Women in mining: Caught between a rock and a hard place

27 Nov 2017
27 Nov 2017

The plight of women working in the mining sector is well documented.[1] Some of the biggest challenges are sexual harassment and violence, a lack of underground toilet and changing facilities, certain physiological limitations, ill-fitting uniforms and unsuitable equipment. These problems persist, despite the fact that, in terms of the 2004 Mining Charter, women have to make up 10% of a mine’s workforce.

The precarious position of pregnant women working in the mining industry was highlighted in a recent case before the Labour Court, Manyetsa v New Kleinfontein Gold Mine (Pty) Ltd.[2] Tshegofatso Manyetsa worked for the mine as an underground electrician since November 2009. From March 2010 onwards, she was employed as a plant electrician in the mine’s Metallurgical Department. Her area of work is considered hazardous due to exposure to cyanide, ionising radiation, hazardous gases, etc. In May 2014, Ms Manyetsa advised her supervisor that she was pregnant. The mine’s Maternity Leave and Women in Risk Areas Policy prohibited pregnant women from working in high risk areas. In accordance with the policy, Ms Manyetsa had to be moved from her area of work and the company had to make every effort to find suitable, alternative risk-free work for her. Despite their efforts, they could not find a suitable alternative position for her at the same terms and conditions of her current position. Therefore, in June 2014 she was placed on unpaid leave for the remaining five months of her pregnancy.

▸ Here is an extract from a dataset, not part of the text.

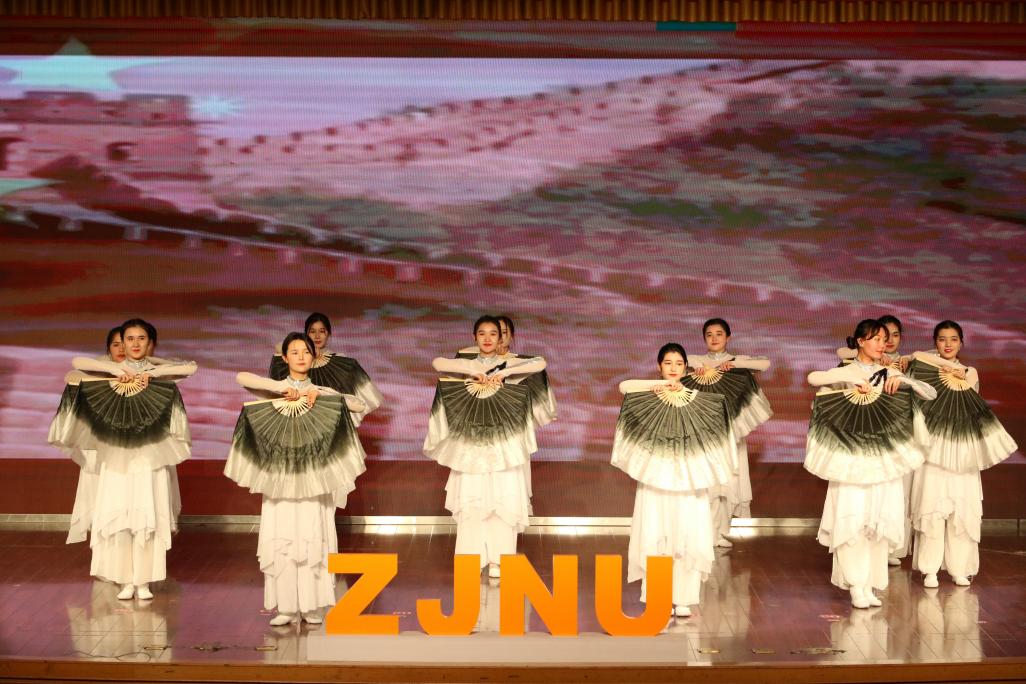 万疆,是红日初升于东方的信仰,也是祝愿祖国万寿无疆的期望。12位民族学生表演的舞蹈《万疆》,通过优美的国风舞蹈和悠扬的音乐,勾勒山河无恙的盛世景象,表现祖国大地的壮阔雄伟和中华儿女对祖国的热爱。

Ms Manyetsa approached the Labour Court for a declaratory order that the mining company’s conduct constituted unfair discrimination on the grounds of her pregnancy, as contemplated in section 6(1) of the Employment Equity Act 55 of 1998. She sought compensation for damages, as well as actual monetary loss in terms of section 50(2) of the said Act.

The Court had to determine whether the company’s abovementioned policy contravened the provisions of section 26(2) of the Basic Conditions of Employment Act 75 of 1997 (“BCEA”). Ms Manyetsa argued that the BCEA guaranteed her suitable, alternative employment at the same terms and conditions of her current position. However, a close reading of the BCEA reveals that the company is only obliged to provide such employment ‘if it is practicable for the employer to do so’. Therefore, the company is required to make a genuine effort to find suitable alternative employment for the pregnant employee, but the BCEA does not go as far as guaranteeing the availability of such employment. Furthermore, the company is not required to create such a position where one does not exist.

Reluctantly, the Court, therefore, had to dismiss Ms Manyetsa’s claim, as the company’s policy did not contravene the provisions of the BCEA. The Court took great pains to state that inadequacies in current legislation are the cause for the precarious position in which Ms Manyetsa found herself. In aiming to strike a balance between a pregnant employee’s right against unfair discrimination and an employer’s duty to ensure safe working conditions for that employee, the legislation fails to cater for situations where the employer is unable to provide suitable alternative employment.

The International Labour Organisation’s Maternity Protection Recommendation R191 of 2000 covers situations left unaddressed by the lacuna in South African law. Article 6(2) of Recommendation provides that if the employer is unable to eliminate the risk to the pregnant employee or provide her with suitable alternative employment, she must receive paid leave. Unfortunately, South Africa has not yet ratified this Recommendation or the related Maternity Protection Convention C183 of 2000.

As a result of the lacuna in our law, pregnant mine workers face potential economic hardship. Quoting from Mashava v Cuzen & Woods Attorneys,[3] the Court in the present case confirmed that the purpose of the legislation should be ‘to ensure as far as possible that female employees are not disadvantaged, as they traditionally have been, by virtue of them being women and the child-bearing members of the human race’.

Written by Louie van Schalkwyk

 

[1] See, for example, Asanda Benya Women in Mining: A Challenge to Occupational Culture in Mines Dissertation for MA (Industrial Sociology) University of the Witwatersrand (2009); The Centre for Applied Legal Studies Submissions to the Special Rapporteur on Violence against Women: Country Visit to the Republic of South Africa (20 November 2015) 6-7; Chamber of Mines of South Africa “Women in Mining: Fact Sheet 2017” http://www.chamberofmines.org.za/industry-news/publications/fact-sheets/send/3-fact-sheets/424-women-in-mining (accessed on 23.11.2017); Tholakele Nene “Mining discontent: How women miners are raped, and become sex skivvies to get ahead" (04.10.2016) Mail & Guardian <https://mg.co.za/article/2016-10-03-00-mining-discontent-how-women-miners-are-raped-and-become-sex-skivvies-to-get-ahead> (accessed on 23.11.2017).

[2] Manyetsa v New Kleinfontein Gold Mine (Pty) Ltd (JS706/14) [2017] ZALCJHB 404 (7 November 2017).

[3] (2000) 21 ILJ 402 (LC) at para 14.